**Exercise instructions**
The required output is the stretch from the line containing "This Tip Income" through the line containing "Prodám porcelánovou,čajovou či" in the records below, unaltered and with no pictures.

**Information shown**
Segment Open

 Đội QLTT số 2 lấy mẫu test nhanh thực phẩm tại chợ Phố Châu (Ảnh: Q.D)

Segment Closed
Segment Open

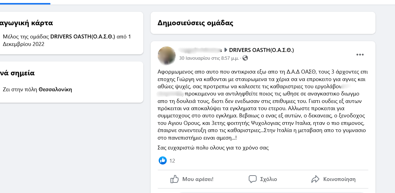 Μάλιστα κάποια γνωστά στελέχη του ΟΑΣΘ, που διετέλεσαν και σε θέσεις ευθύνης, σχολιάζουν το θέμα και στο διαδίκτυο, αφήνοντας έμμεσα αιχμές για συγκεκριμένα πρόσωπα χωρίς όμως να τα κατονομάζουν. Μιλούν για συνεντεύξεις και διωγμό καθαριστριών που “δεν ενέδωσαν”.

Segment Closed
Segment Open

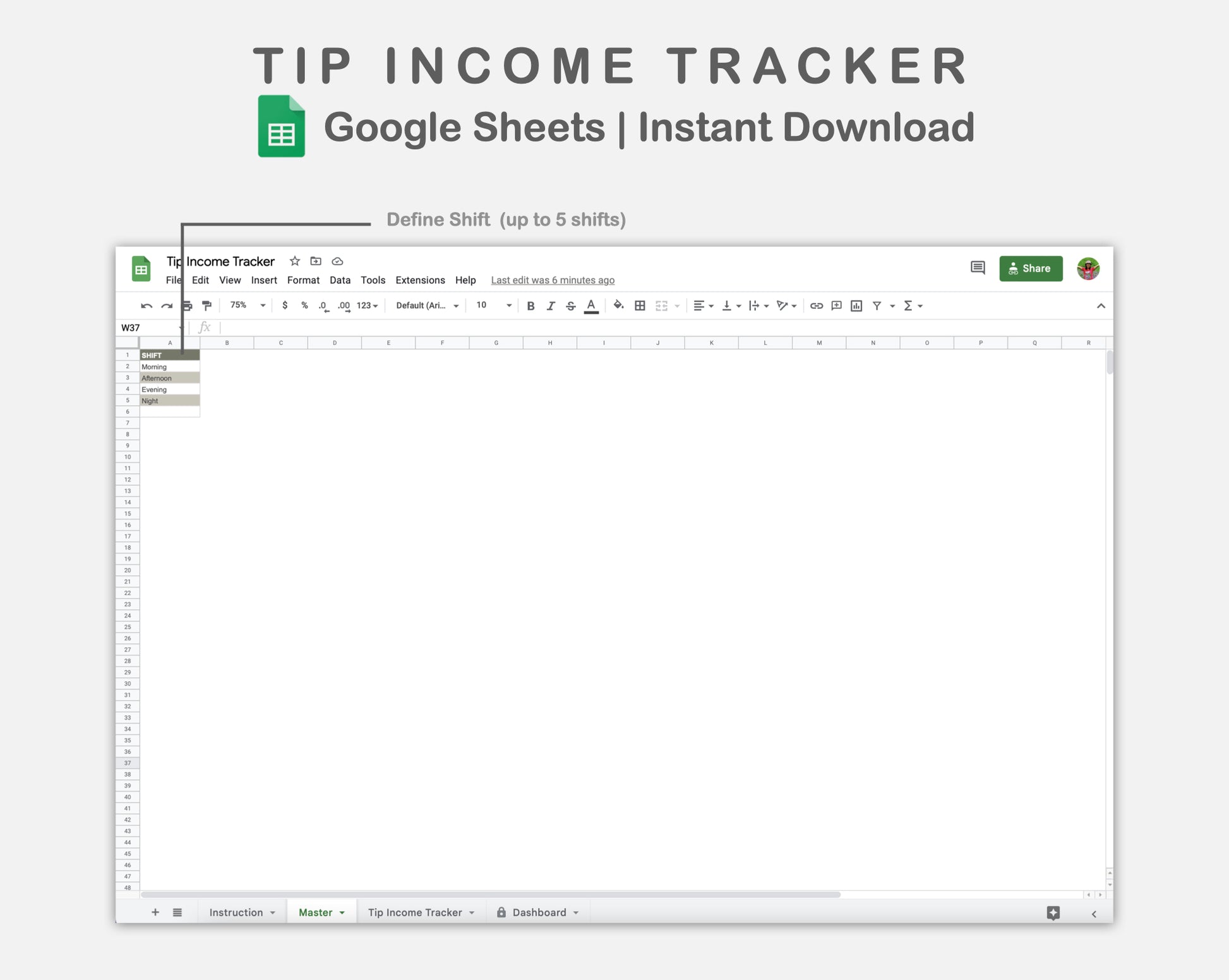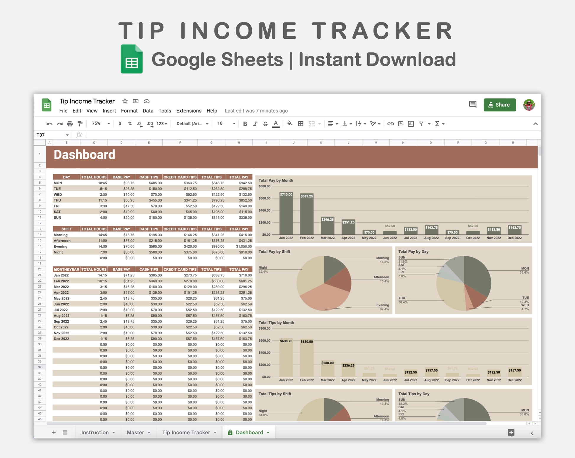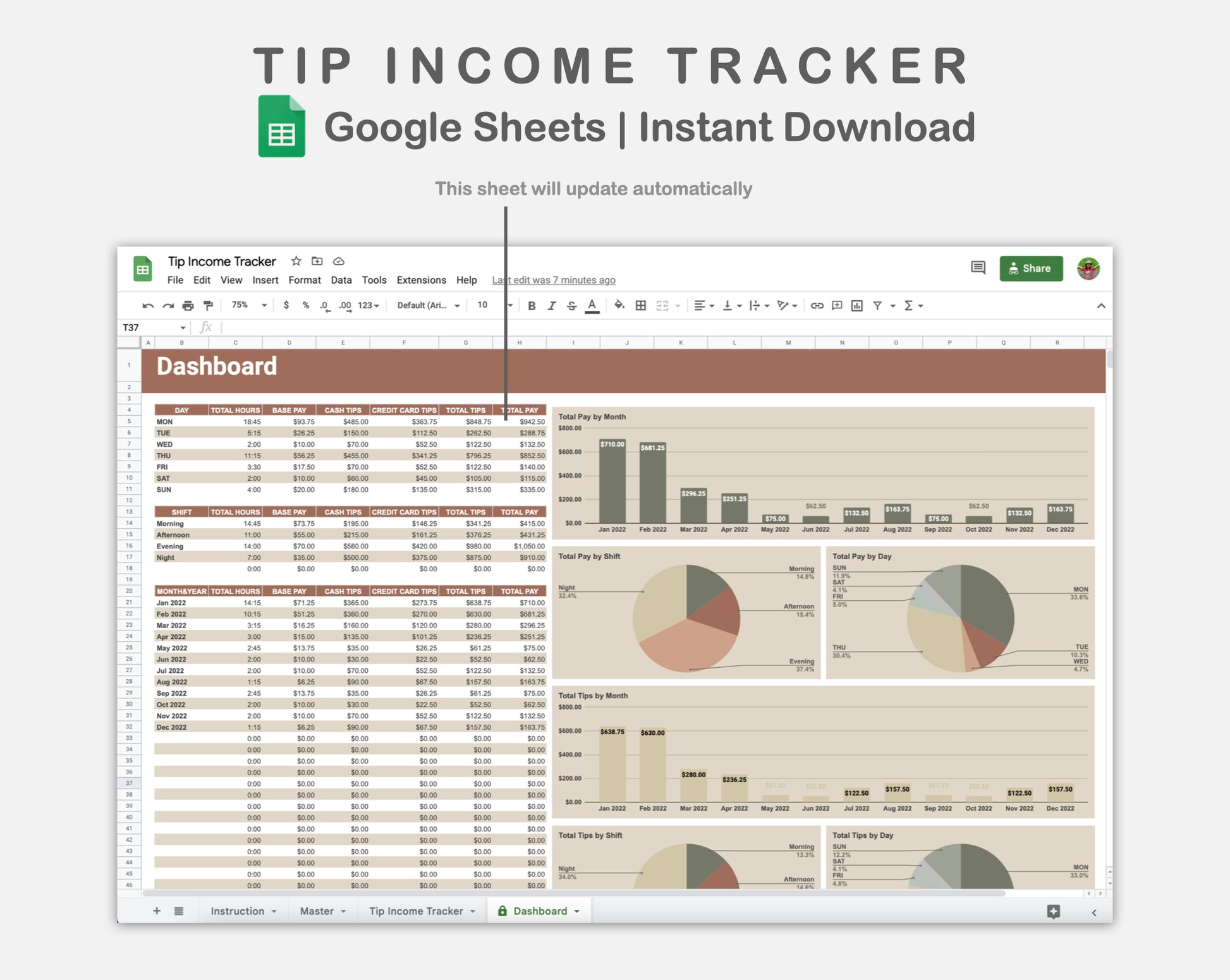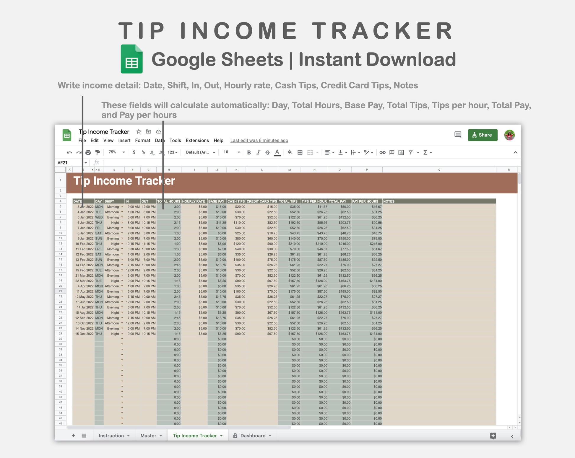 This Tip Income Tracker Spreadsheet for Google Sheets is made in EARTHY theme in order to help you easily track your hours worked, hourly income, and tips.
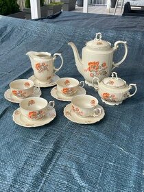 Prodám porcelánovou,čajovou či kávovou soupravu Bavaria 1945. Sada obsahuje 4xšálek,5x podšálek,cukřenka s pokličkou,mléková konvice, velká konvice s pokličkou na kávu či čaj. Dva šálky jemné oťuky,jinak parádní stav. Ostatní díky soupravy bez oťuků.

Segment Closed

**Answer to this problem**
 This Tip Income Tracker Spreadsheet for Google Sheets is made in EARTHY theme in order to help you easily track your hours worked, hourly income, and tips.
 Prodám porcelánovou,čajovou či kávovou soupravu Bavaria 1945. Sada obsahuje 4xšálek,5x podšálek,cukřenka s pokličkou,mléková konvice, velká konvice s pokličkou na kávu či čaj. Dva šálky jemné oťuky,jinak parádní stav. Ostatní díky soupravy bez oťuků.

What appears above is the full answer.